Your assignment
A faithful copy is needed of the lines below from the one with "Par de Aliança" up to and including the one with "Chinese Blend Jacket"; set it down with no pictures and no other lines.

Records shown
-------
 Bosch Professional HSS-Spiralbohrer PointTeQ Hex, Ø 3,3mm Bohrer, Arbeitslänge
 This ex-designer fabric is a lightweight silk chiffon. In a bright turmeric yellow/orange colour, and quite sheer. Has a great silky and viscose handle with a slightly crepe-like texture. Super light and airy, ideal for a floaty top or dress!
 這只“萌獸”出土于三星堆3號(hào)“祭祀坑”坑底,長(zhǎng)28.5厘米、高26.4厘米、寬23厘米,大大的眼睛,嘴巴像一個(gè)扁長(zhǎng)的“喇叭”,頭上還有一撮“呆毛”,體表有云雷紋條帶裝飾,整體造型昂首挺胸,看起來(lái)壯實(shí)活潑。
-------
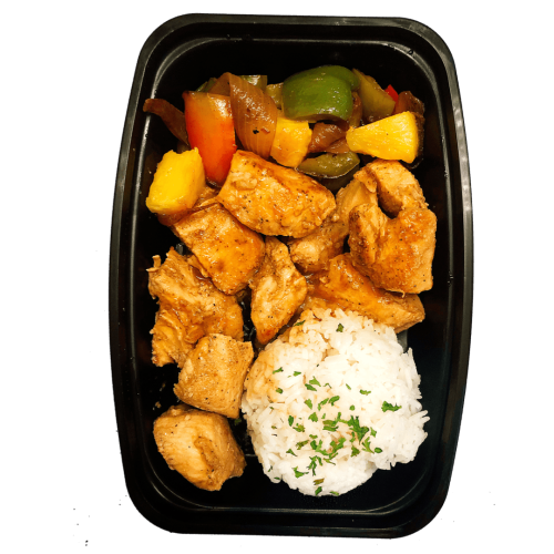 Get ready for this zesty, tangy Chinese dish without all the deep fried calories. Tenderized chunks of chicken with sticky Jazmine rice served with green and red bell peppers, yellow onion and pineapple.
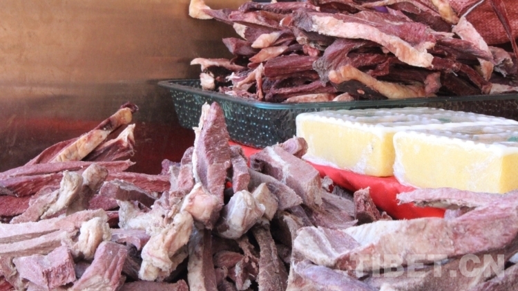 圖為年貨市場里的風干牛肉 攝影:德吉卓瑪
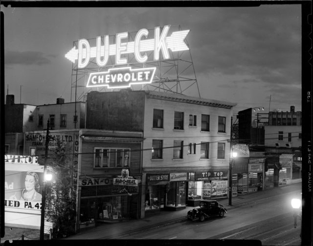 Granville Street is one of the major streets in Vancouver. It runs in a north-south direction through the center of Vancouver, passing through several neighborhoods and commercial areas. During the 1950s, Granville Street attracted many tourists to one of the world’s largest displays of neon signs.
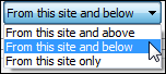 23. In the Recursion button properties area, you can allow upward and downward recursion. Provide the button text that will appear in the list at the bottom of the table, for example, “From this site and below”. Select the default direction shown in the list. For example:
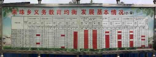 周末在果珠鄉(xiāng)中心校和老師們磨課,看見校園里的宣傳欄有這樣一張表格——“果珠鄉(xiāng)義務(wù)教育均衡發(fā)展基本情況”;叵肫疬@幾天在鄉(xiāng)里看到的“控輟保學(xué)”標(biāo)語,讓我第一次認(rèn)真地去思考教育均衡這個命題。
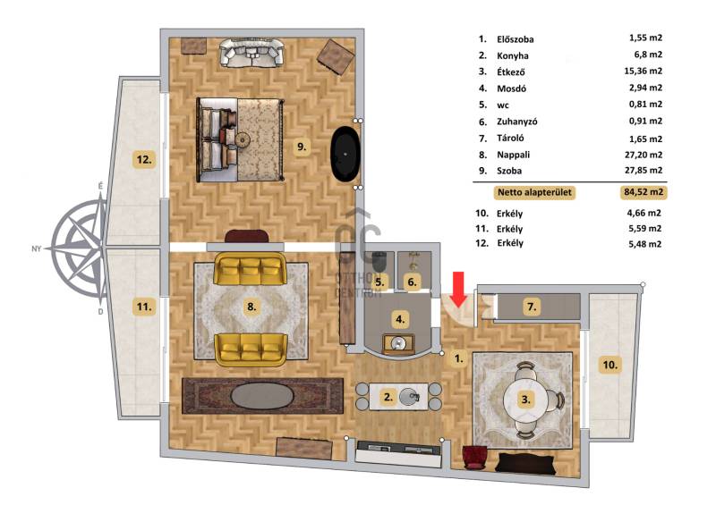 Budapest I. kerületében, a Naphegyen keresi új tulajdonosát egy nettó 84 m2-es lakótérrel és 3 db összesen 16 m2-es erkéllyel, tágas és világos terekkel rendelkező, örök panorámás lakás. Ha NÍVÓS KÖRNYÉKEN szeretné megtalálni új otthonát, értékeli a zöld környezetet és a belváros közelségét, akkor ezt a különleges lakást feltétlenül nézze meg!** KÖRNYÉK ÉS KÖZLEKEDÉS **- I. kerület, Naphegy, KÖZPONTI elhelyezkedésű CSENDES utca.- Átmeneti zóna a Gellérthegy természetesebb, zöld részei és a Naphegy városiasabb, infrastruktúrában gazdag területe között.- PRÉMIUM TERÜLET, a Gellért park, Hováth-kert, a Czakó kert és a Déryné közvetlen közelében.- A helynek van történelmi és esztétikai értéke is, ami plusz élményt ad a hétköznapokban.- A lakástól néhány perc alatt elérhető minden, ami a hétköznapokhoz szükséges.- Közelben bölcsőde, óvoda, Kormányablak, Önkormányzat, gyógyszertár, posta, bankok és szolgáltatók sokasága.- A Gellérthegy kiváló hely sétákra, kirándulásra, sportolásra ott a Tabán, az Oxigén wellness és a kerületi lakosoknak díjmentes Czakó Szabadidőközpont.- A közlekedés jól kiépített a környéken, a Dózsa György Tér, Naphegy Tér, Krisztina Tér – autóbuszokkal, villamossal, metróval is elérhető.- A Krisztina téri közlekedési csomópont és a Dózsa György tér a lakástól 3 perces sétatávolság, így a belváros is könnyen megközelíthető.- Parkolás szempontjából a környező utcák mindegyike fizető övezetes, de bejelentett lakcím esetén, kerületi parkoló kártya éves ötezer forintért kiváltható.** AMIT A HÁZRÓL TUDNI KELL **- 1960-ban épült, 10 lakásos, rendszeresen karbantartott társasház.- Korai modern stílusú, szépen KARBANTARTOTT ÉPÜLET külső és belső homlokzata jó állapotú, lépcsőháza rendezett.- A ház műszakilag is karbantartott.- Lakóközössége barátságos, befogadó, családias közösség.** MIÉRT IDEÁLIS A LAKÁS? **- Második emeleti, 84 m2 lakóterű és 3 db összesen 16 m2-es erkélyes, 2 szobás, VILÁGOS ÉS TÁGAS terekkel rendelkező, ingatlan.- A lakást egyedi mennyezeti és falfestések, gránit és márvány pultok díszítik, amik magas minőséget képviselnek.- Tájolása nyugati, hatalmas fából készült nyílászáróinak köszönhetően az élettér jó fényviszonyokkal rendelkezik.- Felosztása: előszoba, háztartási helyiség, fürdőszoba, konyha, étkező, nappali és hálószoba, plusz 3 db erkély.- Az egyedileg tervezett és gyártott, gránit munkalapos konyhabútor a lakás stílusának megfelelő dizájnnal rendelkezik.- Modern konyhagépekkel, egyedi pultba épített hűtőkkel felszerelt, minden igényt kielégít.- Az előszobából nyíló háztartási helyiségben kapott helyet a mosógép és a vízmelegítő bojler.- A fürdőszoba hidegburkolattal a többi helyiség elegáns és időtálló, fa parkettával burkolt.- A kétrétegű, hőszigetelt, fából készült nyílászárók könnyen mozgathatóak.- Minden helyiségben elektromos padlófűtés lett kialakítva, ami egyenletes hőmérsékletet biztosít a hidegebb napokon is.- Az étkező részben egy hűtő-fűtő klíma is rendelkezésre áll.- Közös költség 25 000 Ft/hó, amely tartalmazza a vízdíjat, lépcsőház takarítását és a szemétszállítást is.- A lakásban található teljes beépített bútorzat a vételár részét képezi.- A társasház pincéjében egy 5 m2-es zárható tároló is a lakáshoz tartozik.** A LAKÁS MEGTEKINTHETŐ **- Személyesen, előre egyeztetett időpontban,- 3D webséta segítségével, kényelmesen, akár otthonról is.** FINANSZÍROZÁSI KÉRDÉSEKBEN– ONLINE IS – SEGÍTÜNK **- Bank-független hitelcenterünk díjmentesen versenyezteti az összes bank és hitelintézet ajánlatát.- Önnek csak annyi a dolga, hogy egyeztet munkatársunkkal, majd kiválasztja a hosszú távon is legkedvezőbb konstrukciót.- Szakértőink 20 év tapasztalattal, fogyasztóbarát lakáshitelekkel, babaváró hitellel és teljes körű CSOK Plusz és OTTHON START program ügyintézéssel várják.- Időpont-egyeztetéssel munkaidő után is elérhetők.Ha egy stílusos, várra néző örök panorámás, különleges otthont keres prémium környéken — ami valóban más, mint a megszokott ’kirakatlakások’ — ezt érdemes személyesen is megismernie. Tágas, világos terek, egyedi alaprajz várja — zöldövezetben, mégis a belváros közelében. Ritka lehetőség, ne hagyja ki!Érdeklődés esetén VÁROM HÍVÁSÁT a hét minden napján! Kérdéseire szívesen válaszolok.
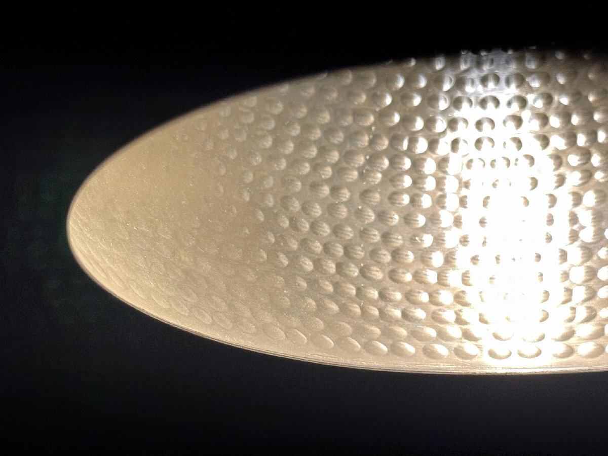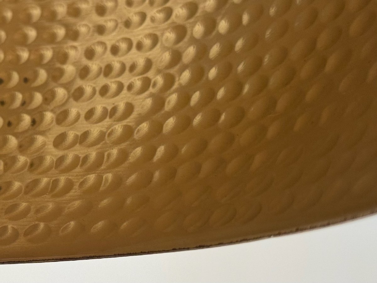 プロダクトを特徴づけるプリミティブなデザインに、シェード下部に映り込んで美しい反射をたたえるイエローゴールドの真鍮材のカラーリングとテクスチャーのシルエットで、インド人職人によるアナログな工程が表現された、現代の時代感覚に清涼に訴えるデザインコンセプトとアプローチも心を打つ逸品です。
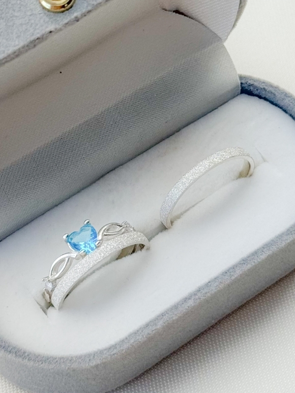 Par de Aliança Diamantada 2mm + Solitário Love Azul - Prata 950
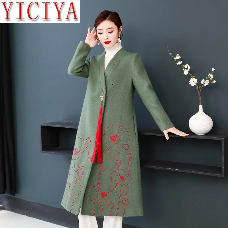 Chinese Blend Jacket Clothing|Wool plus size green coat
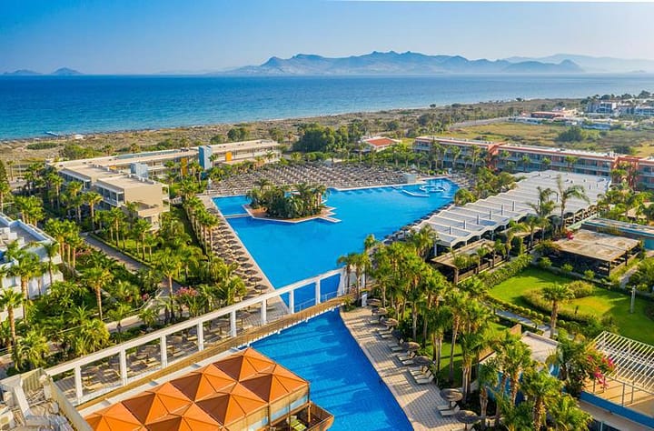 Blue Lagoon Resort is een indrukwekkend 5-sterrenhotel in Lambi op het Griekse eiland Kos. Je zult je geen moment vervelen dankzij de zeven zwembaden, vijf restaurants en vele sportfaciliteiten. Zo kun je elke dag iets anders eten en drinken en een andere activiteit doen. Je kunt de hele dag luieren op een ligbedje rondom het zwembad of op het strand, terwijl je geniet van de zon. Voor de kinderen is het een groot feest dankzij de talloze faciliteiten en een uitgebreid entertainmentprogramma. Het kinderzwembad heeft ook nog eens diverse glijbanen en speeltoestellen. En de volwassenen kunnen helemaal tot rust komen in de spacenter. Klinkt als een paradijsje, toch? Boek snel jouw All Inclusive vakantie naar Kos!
-------
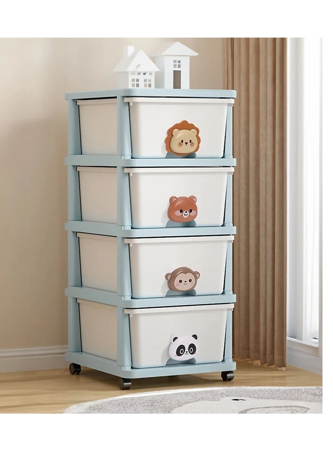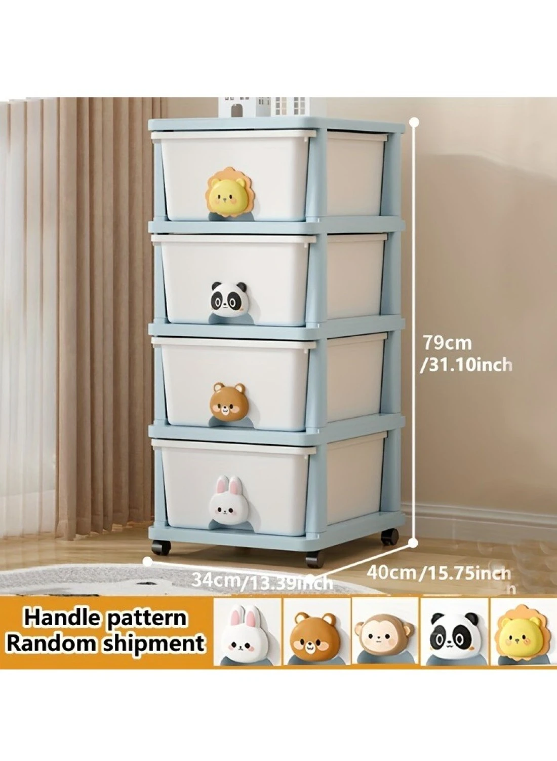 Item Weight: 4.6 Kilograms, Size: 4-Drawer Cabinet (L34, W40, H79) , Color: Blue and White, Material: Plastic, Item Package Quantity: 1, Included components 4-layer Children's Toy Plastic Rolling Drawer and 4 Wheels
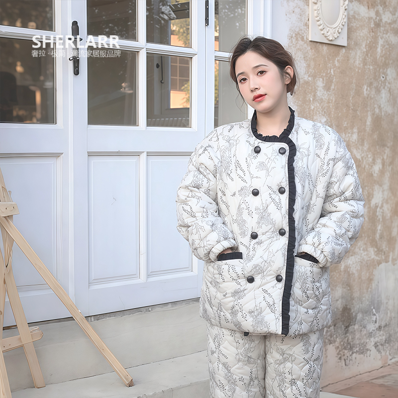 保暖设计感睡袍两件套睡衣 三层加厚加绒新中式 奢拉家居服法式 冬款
-------
Final answer
 Par de Aliança Diamantada 2mm + Solitário Love Azul - Prata 950
 Chinese Blend Jacket Clothing|Wool plus size green coat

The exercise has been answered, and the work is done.